▶ What you should do: Using the data that follows, output only the lines from the line with "在峽谷兩旁的崖壁上,兩條風(fēng)格" up to and including the line with "8.天津市第十七届社会科学优秀成果奖,天津市人民政府;", exactly, leaving pictures aside.

▶ Dataset records:
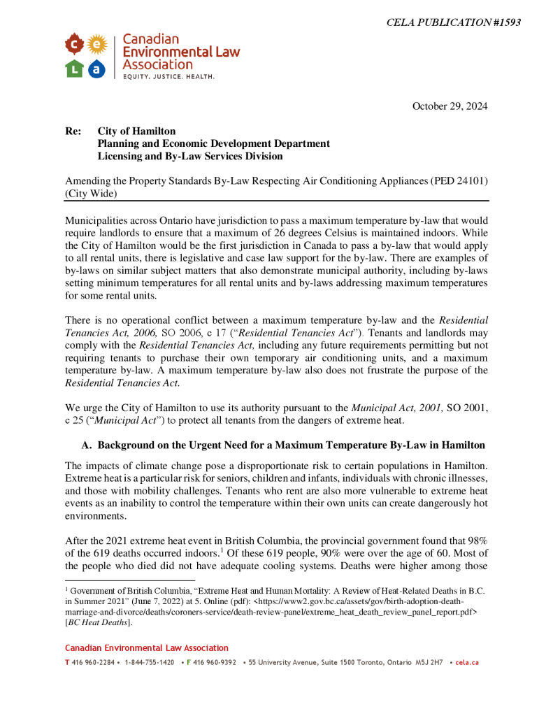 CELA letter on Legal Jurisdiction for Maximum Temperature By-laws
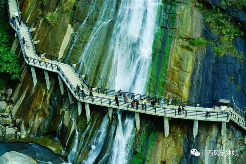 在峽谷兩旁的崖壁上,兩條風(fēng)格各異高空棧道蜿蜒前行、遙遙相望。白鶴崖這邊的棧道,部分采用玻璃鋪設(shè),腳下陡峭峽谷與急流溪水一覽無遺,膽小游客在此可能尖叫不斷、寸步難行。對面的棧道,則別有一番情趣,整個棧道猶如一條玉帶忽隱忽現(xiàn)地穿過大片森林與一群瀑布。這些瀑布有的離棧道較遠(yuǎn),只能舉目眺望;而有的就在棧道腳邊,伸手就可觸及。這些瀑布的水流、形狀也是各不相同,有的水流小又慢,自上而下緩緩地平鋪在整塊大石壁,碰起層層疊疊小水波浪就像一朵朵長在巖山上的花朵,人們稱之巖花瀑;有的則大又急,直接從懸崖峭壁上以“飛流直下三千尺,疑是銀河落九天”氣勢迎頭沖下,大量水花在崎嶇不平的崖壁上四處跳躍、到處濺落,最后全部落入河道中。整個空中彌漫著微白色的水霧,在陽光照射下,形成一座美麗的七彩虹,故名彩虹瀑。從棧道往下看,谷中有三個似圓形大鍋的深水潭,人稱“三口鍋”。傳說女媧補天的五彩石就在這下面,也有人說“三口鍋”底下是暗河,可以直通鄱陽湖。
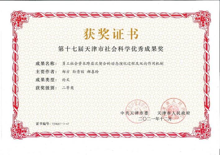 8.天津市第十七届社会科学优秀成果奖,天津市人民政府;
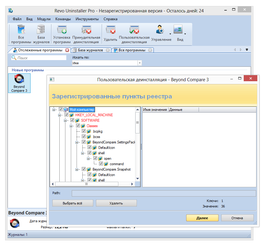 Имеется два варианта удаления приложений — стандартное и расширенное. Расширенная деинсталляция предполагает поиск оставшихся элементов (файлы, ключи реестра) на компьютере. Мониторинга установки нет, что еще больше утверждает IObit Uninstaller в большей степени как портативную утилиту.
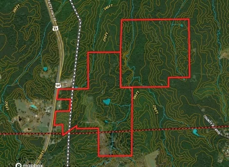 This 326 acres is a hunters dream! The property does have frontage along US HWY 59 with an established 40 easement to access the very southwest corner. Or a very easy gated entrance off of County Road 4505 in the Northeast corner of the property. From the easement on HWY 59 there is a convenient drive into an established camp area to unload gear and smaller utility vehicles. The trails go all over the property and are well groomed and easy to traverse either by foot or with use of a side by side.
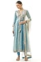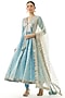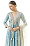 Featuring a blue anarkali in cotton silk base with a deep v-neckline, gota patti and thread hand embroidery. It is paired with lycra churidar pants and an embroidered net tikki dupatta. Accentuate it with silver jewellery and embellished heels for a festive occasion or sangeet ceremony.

▶ Result of this task:
 在峽谷兩旁的崖壁上,兩條風(fēng)格各異高空棧道蜿蜒前行、遙遙相望。白鶴崖這邊的棧道,部分采用玻璃鋪設(shè),腳下陡峭峽谷與急流溪水一覽無遺,膽小游客在此可能尖叫不斷、寸步難行。對面的棧道,則別有一番情趣,整個棧道猶如一條玉帶忽隱忽現(xiàn)地穿過大片森林與一群瀑布。這些瀑布有的離棧道較遠(yuǎn),只能舉目眺望;而有的就在棧道腳邊,伸手就可觸及。這些瀑布的水流、形狀也是各不相同,有的水流小又慢,自上而下緩緩地平鋪在整塊大石壁,碰起層層疊疊小水波浪就像一朵朵長在巖山上的花朵,人們稱之巖花瀑;有的則大又急,直接從懸崖峭壁上以“飛流直下三千尺,疑是銀河落九天”氣勢迎頭沖下,大量水花在崎嶇不平的崖壁上四處跳躍、到處濺落,最后全部落入河道中。整個空中彌漫著微白色的水霧,在陽光照射下,形成一座美麗的七彩虹,故名彩虹瀑。從棧道往下看,谷中有三個似圓形大鍋的深水潭,人稱“三口鍋”。傳說女媧補天的五彩石就在這下面,也有人說“三口鍋”底下是暗河,可以直通鄱陽湖。
 8.天津市第十七届社会科学优秀成果奖,天津市人民政府;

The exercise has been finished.